Human-readable summary, written by write_report(). Sections:

  1. Primary — CQS-craft by preamble (pooled). Per-condition mean + 95% bootstrap CI + Kruskal–Wallis omnibus.
  2. Tier stratification. Same table, split by reasoning vs non-reasoning.
  3. Category stratification. Same table, split by creation vs refactor.
  4. Per-dimension severity by preamble (cross-judge means). 11 rubric dims × 9 conditions, with KW p per dim.
  5. Static-analysis diagnostic panel. Confirmation that static metrics remain flat across conditions (the v1 false-null reproduction).
  6. Run cost + parse-fail rate.

The headline KW p = 9.24 × 10⁻¹⁸ on pooled CQS-craft is in §1.


MIXED_EFFECTS.md

Written by analysis_addendum.py. Sections:

  • M0 (cqs ~ C(preamble)) — baseline mixed-effects, no tier term.
  • M1 (cqs ~ C(preamble) + C(tier)) — tier main effect.
  • M2 (cqs ~ C(preamble) * C(tier)) — full model with preamble × tier interaction. The β / SE / z / p / 95%-CI per coefficient is the table cited in CONCLUSIONS.md.
  • ΔlogLik between successive models (descriptive).
  • ML refit for principled fixed-effect LRT.
  • Per-tier stratified fits (back-compat; superseded by M2).

See statistical methods.


WEIGHT_SENSITIVITY.md

Per-condition CQS mean and KW p across 7 alternative weight schemes for the (idiom, comment, hygiene) components. Shows that the headline does not depend on the pre-registered 0.45 / 0.45 / 0.10 choice — all 7 schemes return KW p ≤ 2.4 × 10⁻¹⁰. Written by analysis_addendum.py.

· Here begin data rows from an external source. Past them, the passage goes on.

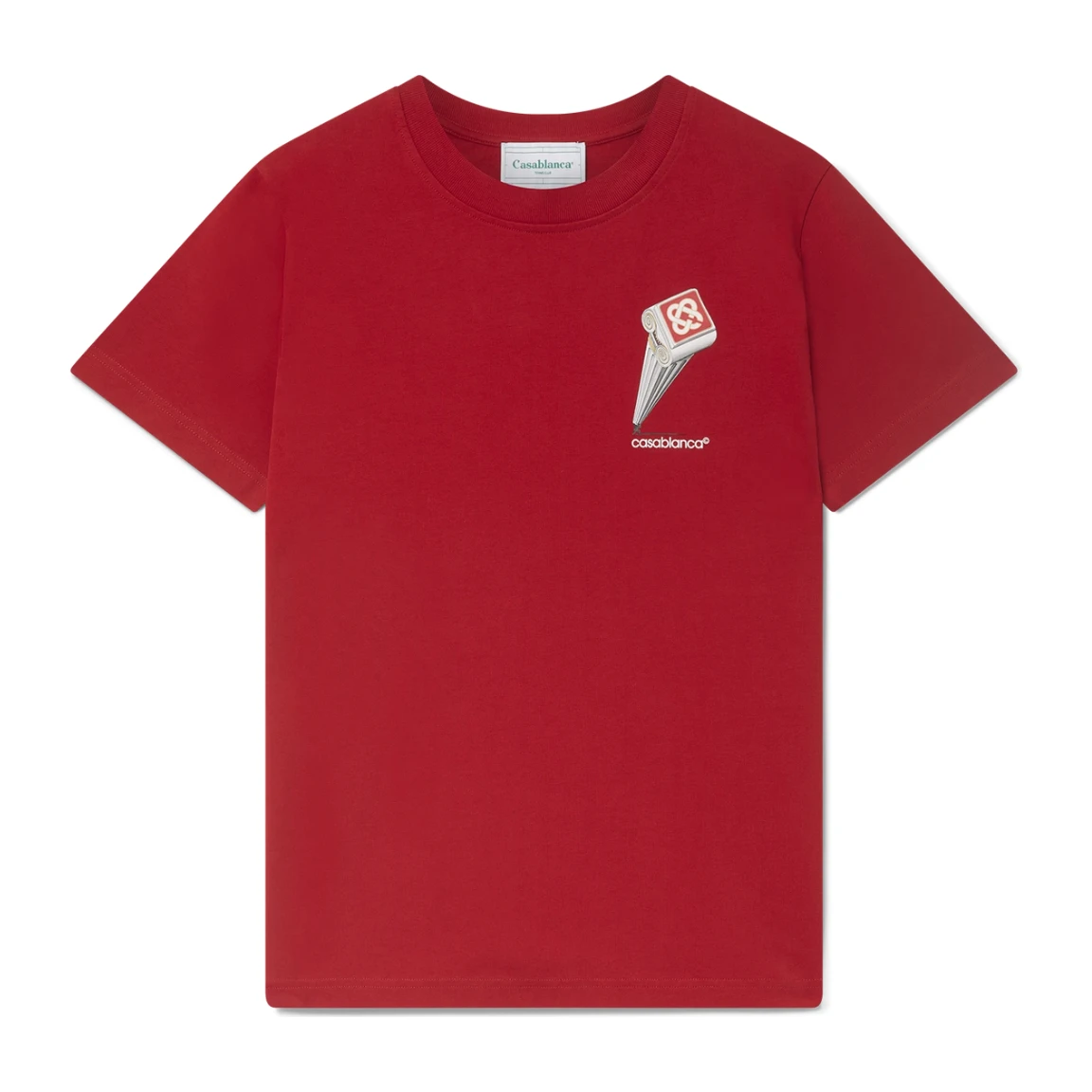 The Casablanca Leaning Column T-Shirt in Red is a short-sleeved piece crafted from 100% organic cotton. It features the brand’s seasonal artwork, inspired by vintage movie posters and ancient Greece, printed on both the front and back. The design is completed with a classic crew neck and offers a true-to-size fit. Made in Portugal, this T-shirt reflects Casablanca’s commitment to quality and artistic expression.
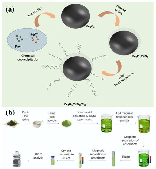 (a) Synthesis of C18/MNPs; (b) Protocol for the analysis of the tea powder using the proposed method.
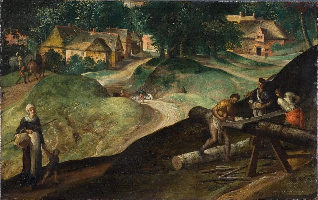 Paisaje con hombres serrando madera - Gillis Mostaert

confound_probe_results/REPORT.md

The post-hoc probe report. Three probes (probe_A_nonrubric_expert, probe_B_bare_rubric, probe_C_antirubric_expert) plus a none_control, all on task_expr_parser, all 10 subject models, full 10-judge cross-panel.

Sections:

  1. CQS-craft per probe vs reference conditions — per-probe mean + 95% CI + Δ vs main-run none.
  2. Significance — Mann-Whitney U vs main-run none — U statistic and two-sided p per probe.
  3. Per-dimension severity — 9 always-on rubric dims × (4 reference cells + 4 probe cells). Reference cells are sliced from the main-run results on the same task.
  4. Discrimination verdict — recovery-ratio interpretation. Probes A and C drop CQS by ~0.15 vs none (p ≈ 0.0001); probe B is statistically indistinguishable from none. This is the source of the attention-allocation reading.

confound_probe_results/ also contains generations.jsonl, judgments.jsonl, and sample_cqs.json with the same schemas as above (plus a probe_id field on each row in place of preamble_id).